おいしい酒の追求と農業の活性化へ「獺祭」酒米コンテスト開催 旭酒造2021年1月27日
獺祭を製造する旭酒造(山口県岩国市)は、より美味しい酒の追求と農業の活性化のため、獺祭の原料米山田錦の品質を競うコンテスト「最高を超える山田錦プロジェクト」を開催。1月23日に結果を発表した。

同コンテストは、原料米に山田錦のみを使う獺祭のさらなる進化のため、また、コンテストを通して日本の農業を活気づけようと、旭酒造が2019年から開始。グランプリに1俵50万円と、相場の約25倍の買い取り価格を提示したことでも大きな話題となった。
2回目となる今回は2020年に収穫された全国の山田錦が対象。エントリー数は127点で、そのうち機械による事前審査を通過した43点が目視審査に進み、2020年12月に審査会が行われた。産地に関係なく、酒米としての山田錦の品質が評価され、審査員は複数の地域から、山田錦の品質評価に十分な経験と能力を持つ人を中心に、旭酒造で精米を長く担当する社員も一人参加した。
オンラインで行われた発表会では、冒頭の挨拶で、同社の桜井一宏社長が「世界の市場で日本酒が戦うためには、酒米山田錦の品質向上は非常に強い武器の一つになる」と述べ、コロナ禍の中、厳しい審査基準に調整してくれた農家へ感謝を伝えた。
第2回のグランプリ(賞金3000万円)は、福岡県朝倉市の(株)ウイング甘木の北嶋将治さんで、エントリー2回目でのグランプリ受賞。審査員を驚かせる圧倒的な点差でのグランプリ獲得となった。北嶋さんのグループは山田錦を作って約10年。北嶋さんが作るお米では「にこまる」が「お米番付」で最もおいしいお米の一つに選ばれるなど高い評価を受けている。発表会で北嶋さんは「来年はさらに質を高めていきたい」とさらなる決意を語った。

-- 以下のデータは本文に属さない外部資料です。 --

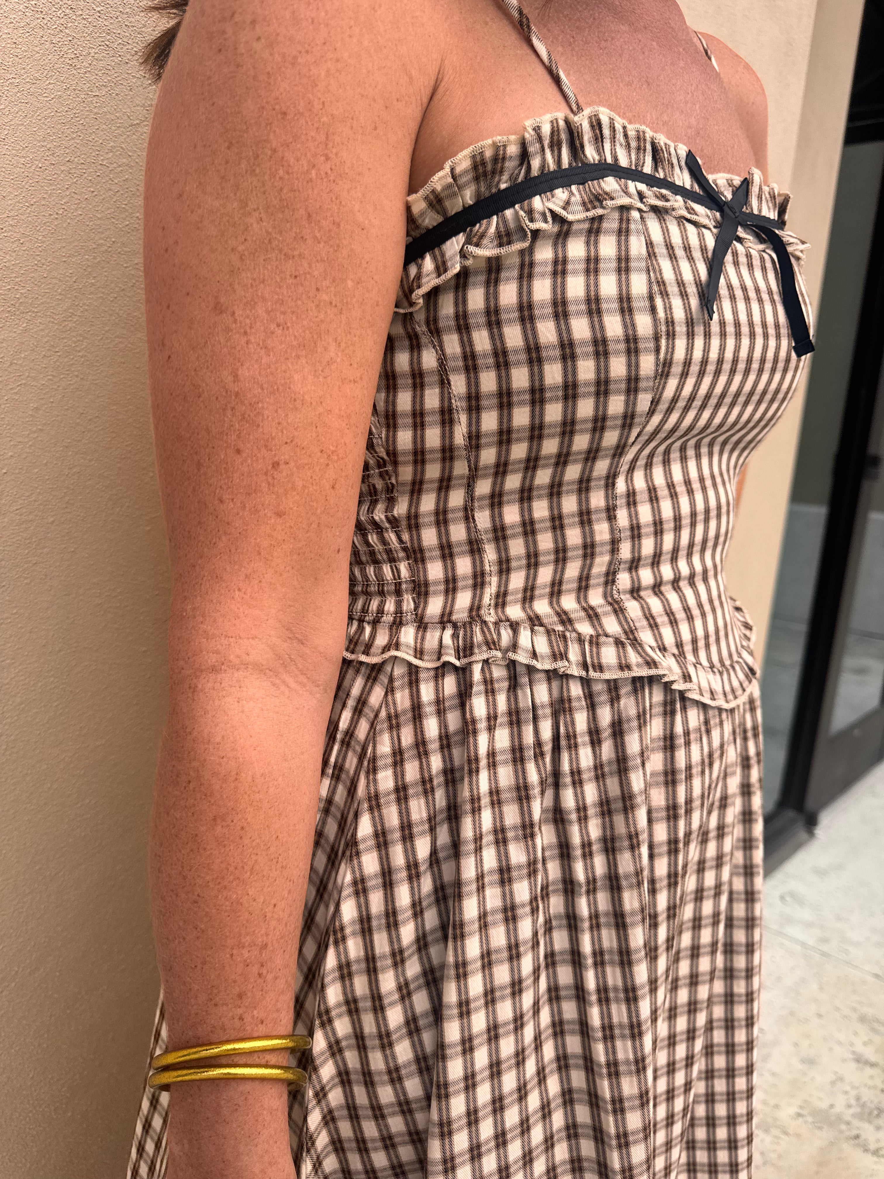 Lucy Paris Kiko Mixed Media Dress Espresso
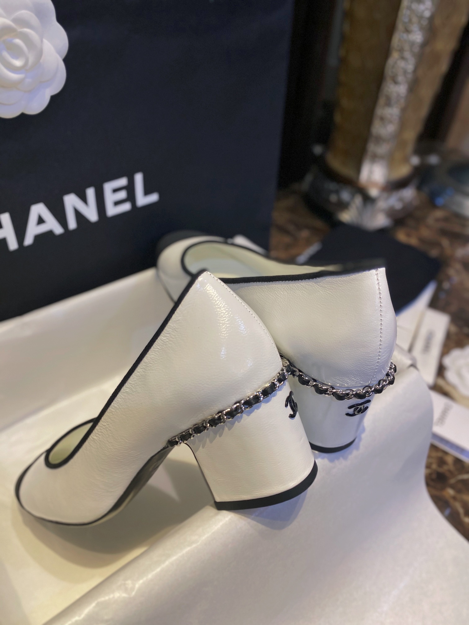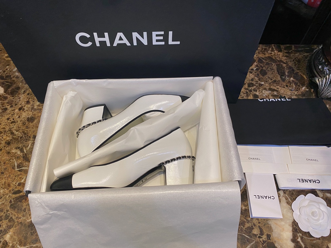 Chanel white chain high heels
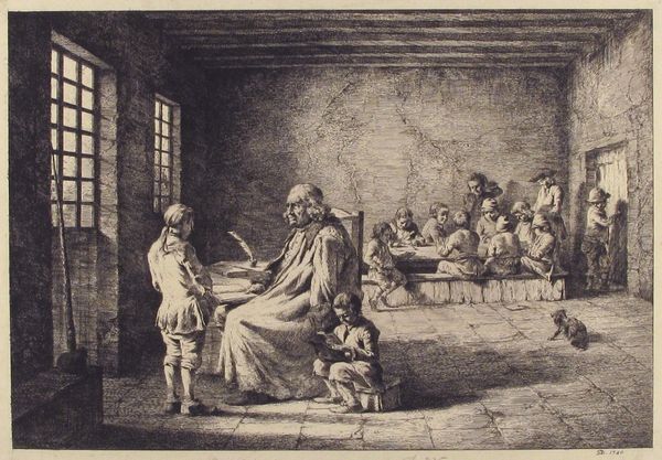 Editor: Here we have Jacob Ochtervelt’s “Itinerant Musicians” from 1665, an oil on canvas. I’m struck by the contrast between the darkness surrounding the musicians and the warm domestic scene in the foreground. What do you see in this piece? Curator: I see a negotiation, or perhaps a subtle power play. Ochtervelt situates these wandering musicians –likely from a lower socioeconomic stratum – within the domestic sphere of a well-to-do family. How does the family react to their presence, and what power dynamics does that reveal? The positioning of the woman and the children versus the shadowed figures of the musicians becomes central to understanding this scene. Editor: Power play...interesting. It's so subtle, but now I see it in the gaze of the woman. It feels very staged though, don’t you think? Curator: Precisely! It’s a meticulously constructed scene, meant to highlight particular societal arrangements. Think about how gender and class are performed here. The musicians, for example, intrude in some ways and yet their interactions are tightly controlled by the lady in the scene. How do you think this work would be received in its historical moment, with its focus on wealth and status? Editor: It seems like a moment captured, but also a carefully constructed commentary. Perhaps it both reinforces and questions social hierarchies at the same time? Curator: Exactly. Dutch Golden Age painting often grapples with these contradictions. The “everyday” is never really that simple, especially when artists use these paintings to negotiate social positions. Editor: I will think about that “everyday” and its complexity now. Thanks. Curator: Me too! Looking closely reveals layers that speak volumes.
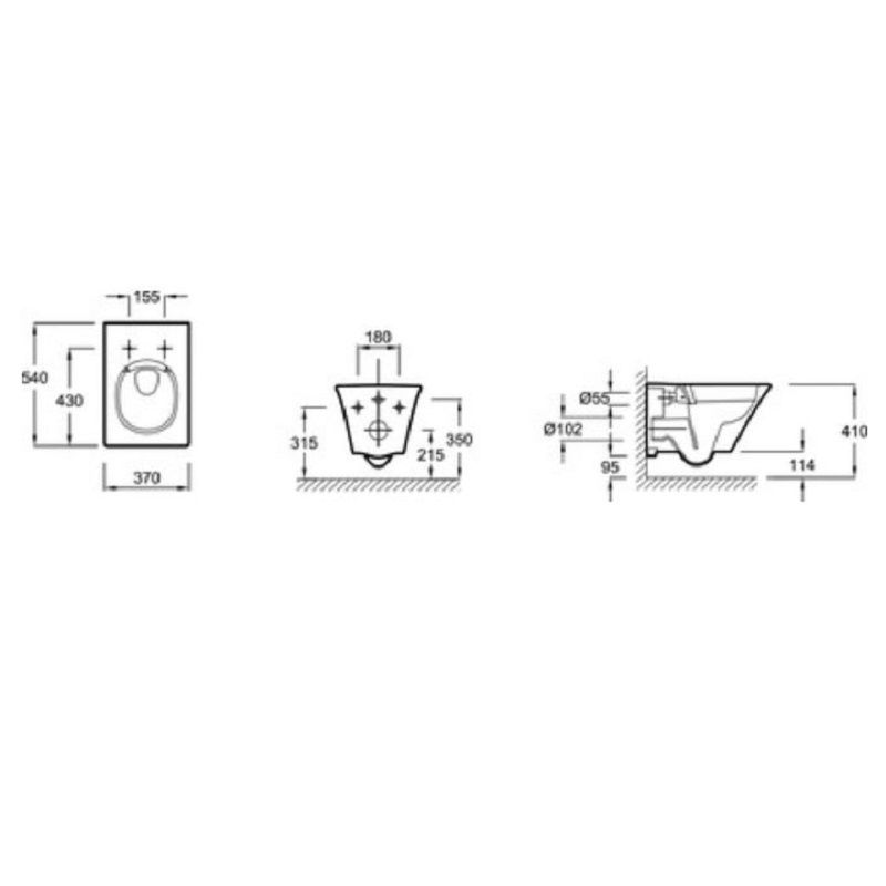 • Прилегание унитаза к стене:
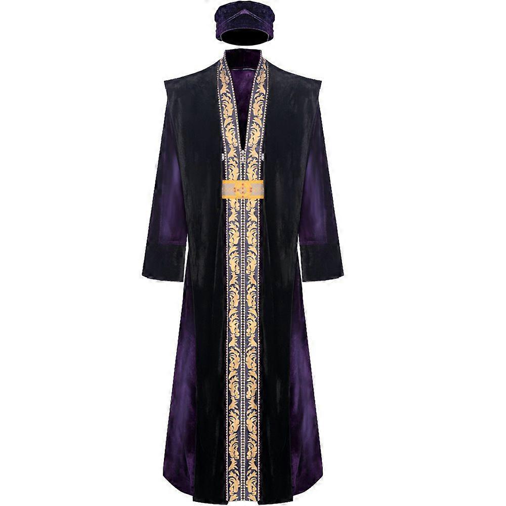 Mens Gothic Wizard Robe Purple Black Velvet Cloak with Gold Trim and Hat Warlock Sorcerer Costume for Halloween or Stage
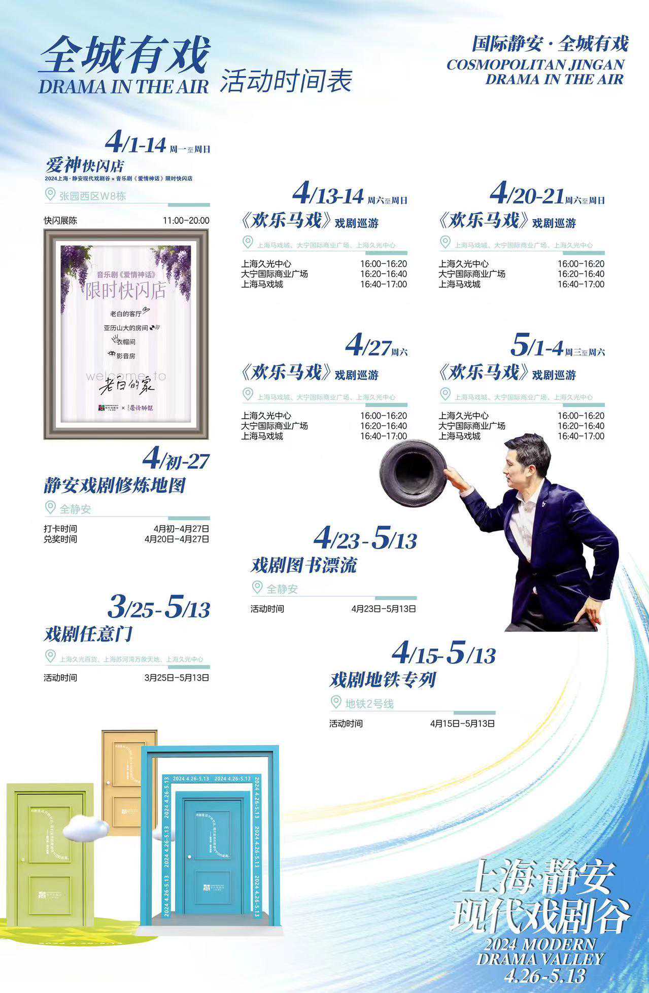 今年的现代戏剧谷首次将文化IP植入静安重要商业地标,创新文化流量向市场消费转化的新模式。4月1日,音乐剧《爱情神话》张园特别快闪店将正式开放,在这里,市民可以穿越剧中“老白的家”,在影音室、服装间、客厅等空间,可以体验剧本攥写、音乐创作、服装设计、排练演出,每周末还将带来分享会、手工坊等不同活动,通过逛展、打卡等方式,沉浸式体验戏剧世界。4月13日-5月4日,“欢乐马戏”将推出“上海马戏城-上海久光中心-大宁国际商业广场”巡游线路,分别以互动性强的小丑、魔术等演艺内容,深化“ERA文旅IP”与大宁片区商圈合作,并以两家商圈为节点,发动品牌方推出惠民活动,做到活动有亮点、有燃点,市民有体验、有消费。全球精品咖啡品牌蓝瓶咖啡首次与现代戏剧谷和音乐剧《爱情神话》合作,推出限定特饮——茉莉新奥尔良式咖啡。深耕茶泉文化的二泉吟饮用水,成为现代戏剧谷年度活动的指定用水,共同解锁品牌跨界的新玩法。

準グランプリ(賞金1000万円)は、(株)山田錦栽培研究所(栃木県下野市)の紙本進氏でこちらも2回目のチャレンジ。2020年度は、日照時間が短く、高温障害なども心配されたが、毎年変わる天候を見ながら作業を細かく調整していくことが「お米作りの秘訣」という同研究所は、昨年度のコンテストで1位と3位を獲得している。栃木で栽培されているイメージがあまりない山田錦だが、高品質な産地として今後注目が集まりそうだ。